(Data items)
#####

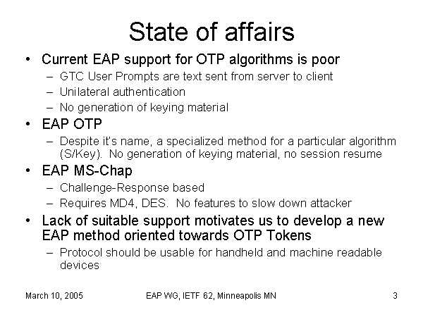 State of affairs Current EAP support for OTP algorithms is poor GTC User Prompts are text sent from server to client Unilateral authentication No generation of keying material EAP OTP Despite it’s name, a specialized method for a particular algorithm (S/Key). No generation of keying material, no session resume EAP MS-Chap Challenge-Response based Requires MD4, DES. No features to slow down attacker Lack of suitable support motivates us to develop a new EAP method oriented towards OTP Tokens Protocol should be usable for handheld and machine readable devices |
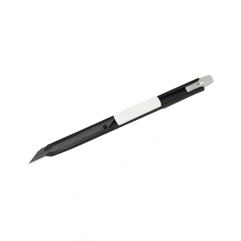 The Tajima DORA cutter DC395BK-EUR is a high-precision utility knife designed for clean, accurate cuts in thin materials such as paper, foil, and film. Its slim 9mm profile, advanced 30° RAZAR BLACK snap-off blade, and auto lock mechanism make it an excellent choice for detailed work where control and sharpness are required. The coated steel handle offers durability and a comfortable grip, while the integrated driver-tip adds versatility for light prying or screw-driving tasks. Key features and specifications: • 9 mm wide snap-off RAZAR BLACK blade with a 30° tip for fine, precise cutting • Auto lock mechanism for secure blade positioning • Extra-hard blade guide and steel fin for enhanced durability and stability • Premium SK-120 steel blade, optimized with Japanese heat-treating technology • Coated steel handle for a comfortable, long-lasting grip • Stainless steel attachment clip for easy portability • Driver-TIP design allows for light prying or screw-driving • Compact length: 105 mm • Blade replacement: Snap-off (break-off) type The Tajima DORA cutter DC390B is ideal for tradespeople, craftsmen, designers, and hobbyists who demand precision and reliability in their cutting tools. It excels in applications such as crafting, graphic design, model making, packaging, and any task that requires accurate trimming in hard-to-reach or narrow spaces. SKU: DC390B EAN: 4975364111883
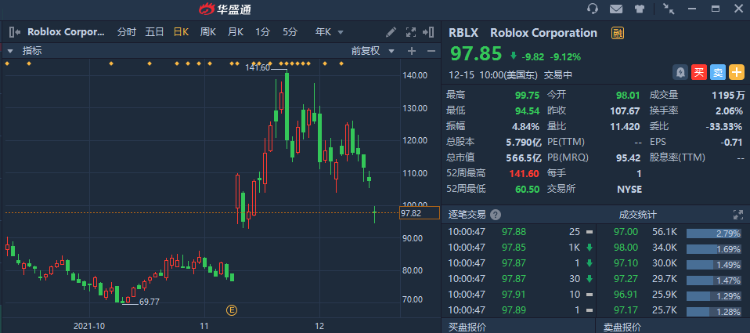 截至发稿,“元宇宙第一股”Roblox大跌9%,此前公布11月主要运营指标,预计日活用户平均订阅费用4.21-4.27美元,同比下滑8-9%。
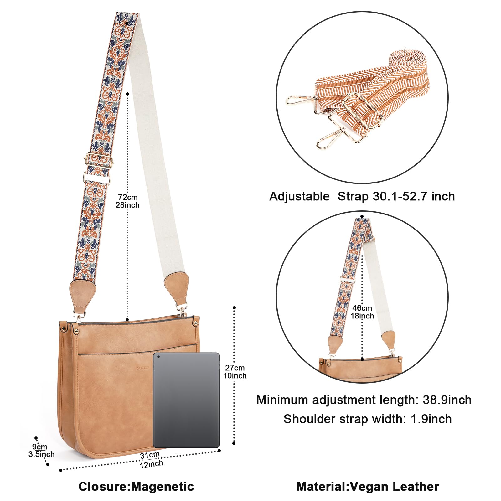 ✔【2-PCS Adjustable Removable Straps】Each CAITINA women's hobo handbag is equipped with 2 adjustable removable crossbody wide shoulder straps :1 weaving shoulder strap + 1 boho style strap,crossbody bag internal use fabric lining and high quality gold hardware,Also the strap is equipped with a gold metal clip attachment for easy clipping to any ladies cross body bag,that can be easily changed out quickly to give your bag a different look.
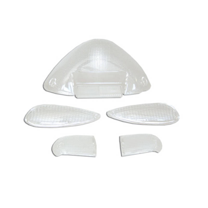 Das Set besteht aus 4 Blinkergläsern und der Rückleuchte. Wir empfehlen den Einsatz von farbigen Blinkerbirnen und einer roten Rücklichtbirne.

#####

TASK INSTRUCTIONS: The records are to be returned verbatim. Skip any picture they contain.

TASK ANSWER:
 State of affairs Current EAP support for OTP algorithms is poor GTC User Prompts are text sent from server to client Unilateral authentication No generation of keying material EAP OTP Despite it’s name, a specialized method for a particular algorithm (S/Key). No generation of keying material, no session resume EAP MS-Chap Challenge-Response based Requires MD4, DES. No features to slow down attacker Lack of suitable support motivates us to develop a new EAP method oriented towards OTP Tokens Protocol should be usable for handheld and machine readable devices |
 The Tajima DORA cutter DC395BK-EUR is a high-precision utility knife designed for clean, accurate cuts in thin materials such as paper, foil, and film. Its slim 9mm profile, advanced 30° RAZAR BLACK snap-off blade, and auto lock mechanism make it an excellent choice for detailed work where control and sharpness are required. The coated steel handle offers durability and a comfortable grip, while the integrated driver-tip adds versatility for light prying or screw-driving tasks. Key features and specifications: • 9 mm wide snap-off RAZAR BLACK blade with a 30° tip for fine, precise cutting • Auto lock mechanism for secure blade positioning • Extra-hard blade guide and steel fin for enhanced durability and stability • Premium SK-120 steel blade, optimized with Japanese heat-treating technology • Coated steel handle for a comfortable, long-lasting grip • Stainless steel attachment clip for easy portability • Driver-TIP design allows for light prying or screw-driving • Compact length: 105 mm • Blade replacement: Snap-off (break-off) type The Tajima DORA cutter DC390B is ideal for tradespeople, craftsmen, designers, and hobbyists who demand precision and reliability in their cutting tools. It excels in applications such as crafting, graphic design, model making, packaging, and any task that requires accurate trimming in hard-to-reach or narrow spaces. SKU: DC390B EAN: 4975364111883
 截至发稿,“元宇宙第一股”Roblox大跌9%,此前公布11月主要运营指标,预计日活用户平均订阅费用4.21-4.27美元,同比下滑8-9%。
 ✔【2-PCS Adjustable Removable Straps】Each CAITINA women's hobo handbag is equipped with 2 adjustable removable crossbody wide shoulder straps :1 weaving shoulder strap + 1 boho style strap,crossbody bag internal use fabric lining and high quality gold hardware,Also the strap is equipped with a gold metal clip attachment for easy clipping to any ladies cross body bag,that can be easily changed out quickly to give your bag a different look.
 Das Set besteht aus 4 Blinkergläsern und der Rückleuchte. Wir empfehlen den Einsatz von farbigen Blinkerbirnen und einer roten Rücklichtbirne.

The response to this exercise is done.